_Problem to solve_
The full listing should be written out verbatim, and its images should be dropped.

_Provided data_

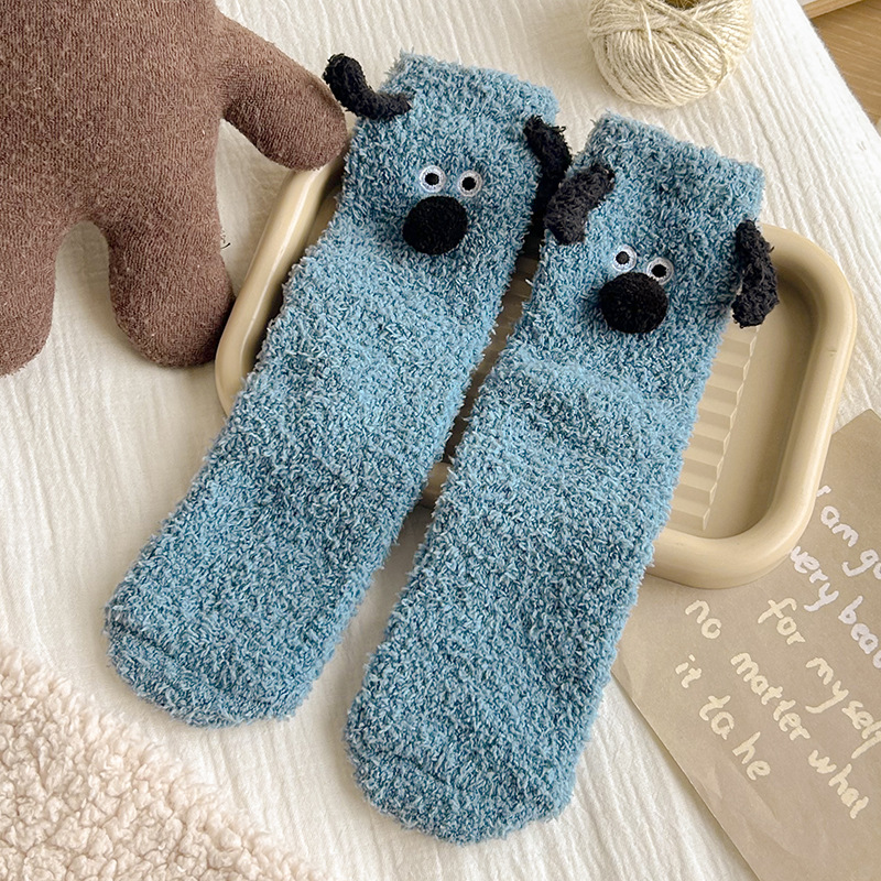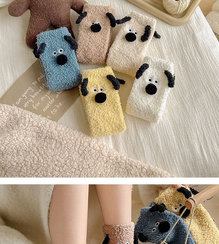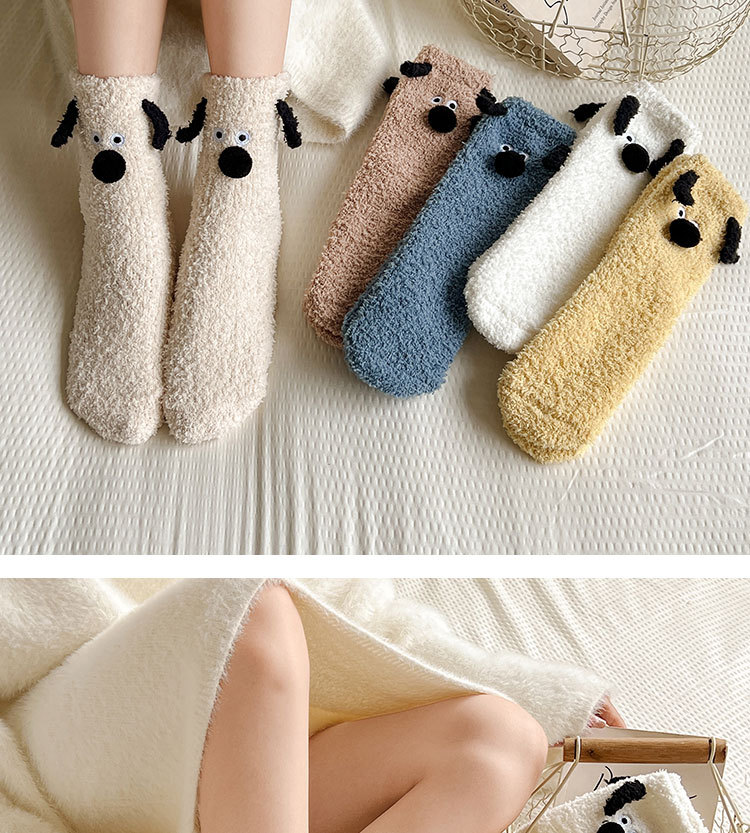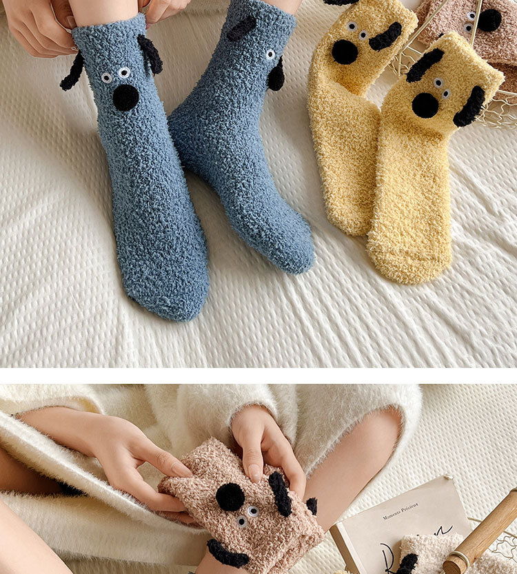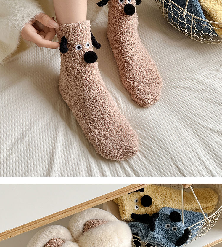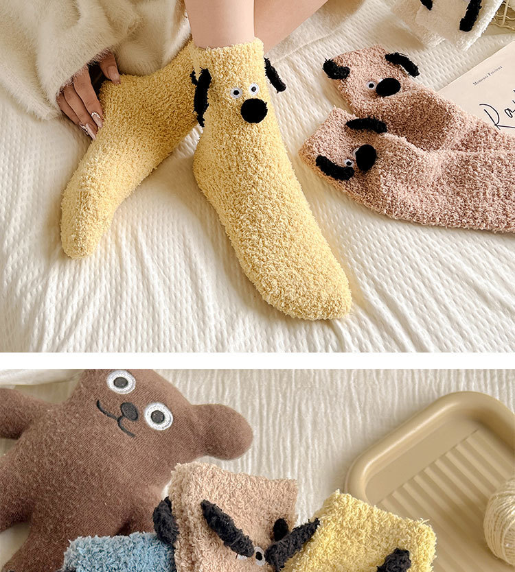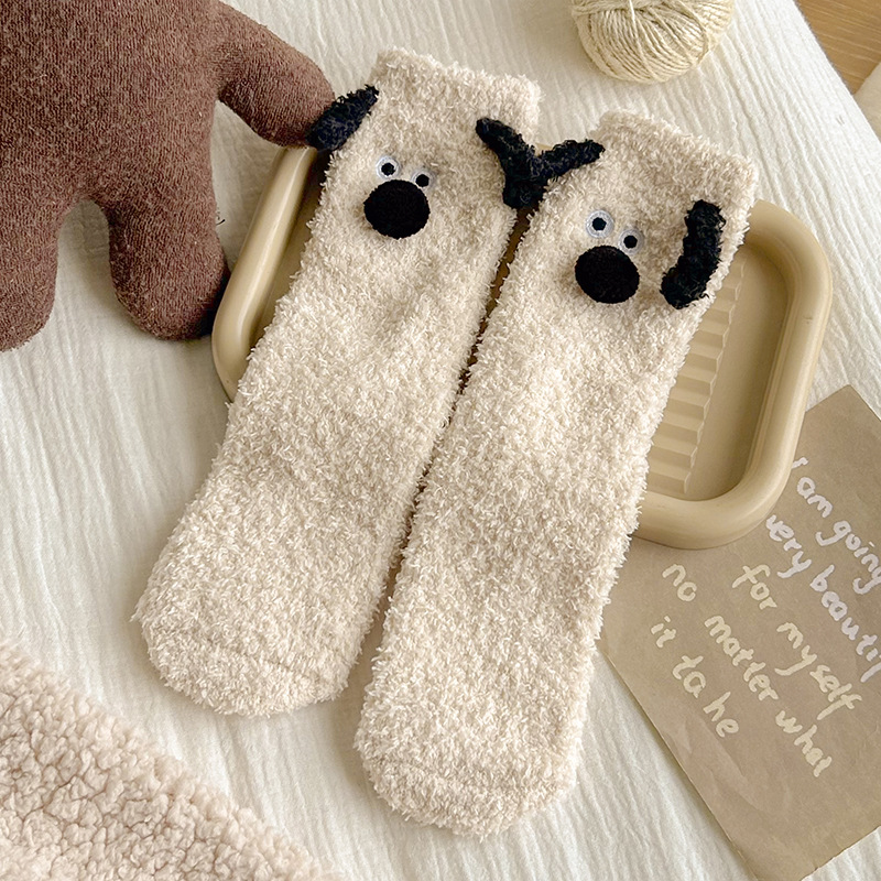 양말 여성의 겨울 두꺼운 따뜻한 중간 튜브 양말 귀여운 만화 강아지 산호 양털 겨울 홈 잠자는 바닥 양말스토어 가기
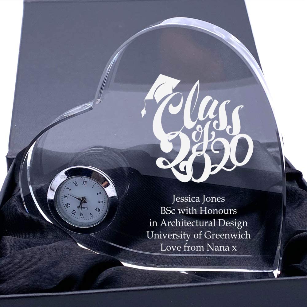 ukgiftstoreonline Gift For Graduate Engraved Heart Crystal Glass Clock
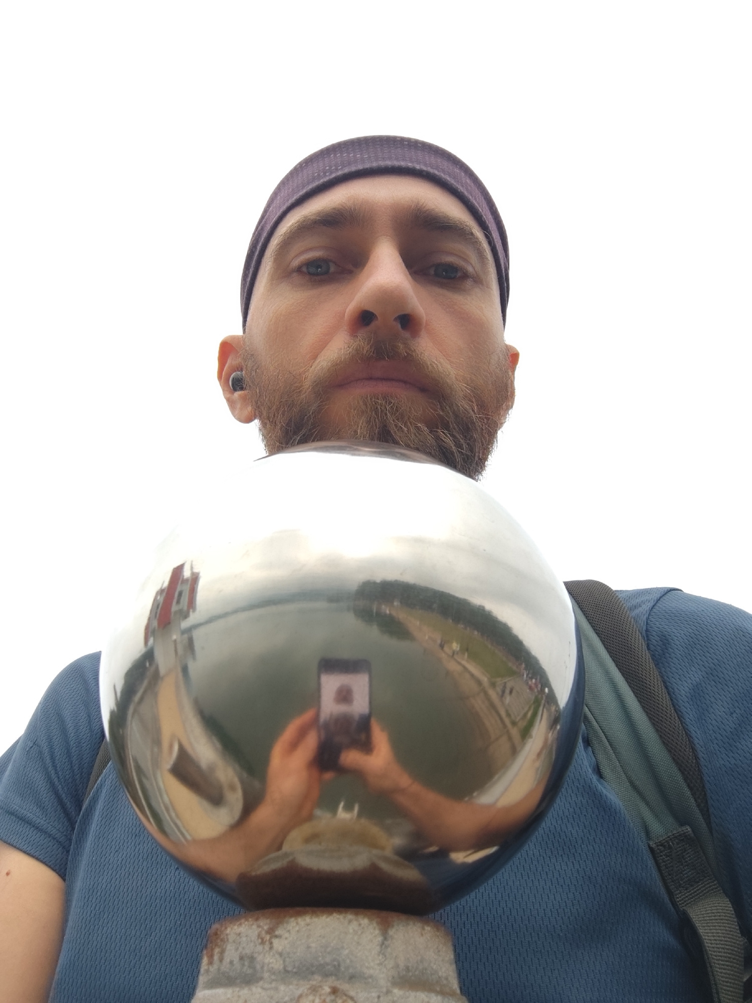 A selfie, taken from a low angle, shows a man with a beard and a dark purple headband, holding a reflective sphere. His blue shirt and backpack are visible. Reflected in the sphere is a water body, a…read more

_Solution for this task_
 양말 여성의 겨울 두꺼운 따뜻한 중간 튜브 양말 귀여운 만화 강아지 산호 양털 겨울 홈 잠자는 바닥 양말스토어 가기
 ukgiftstoreonline Gift For Graduate Engraved Heart Crystal Glass Clock
 A selfie, taken from a low angle, shows a man with a beard and a dark purple headband, holding a reflective sphere. His blue shirt and backpack are visible. Reflected in the sphere is a water body, a…read more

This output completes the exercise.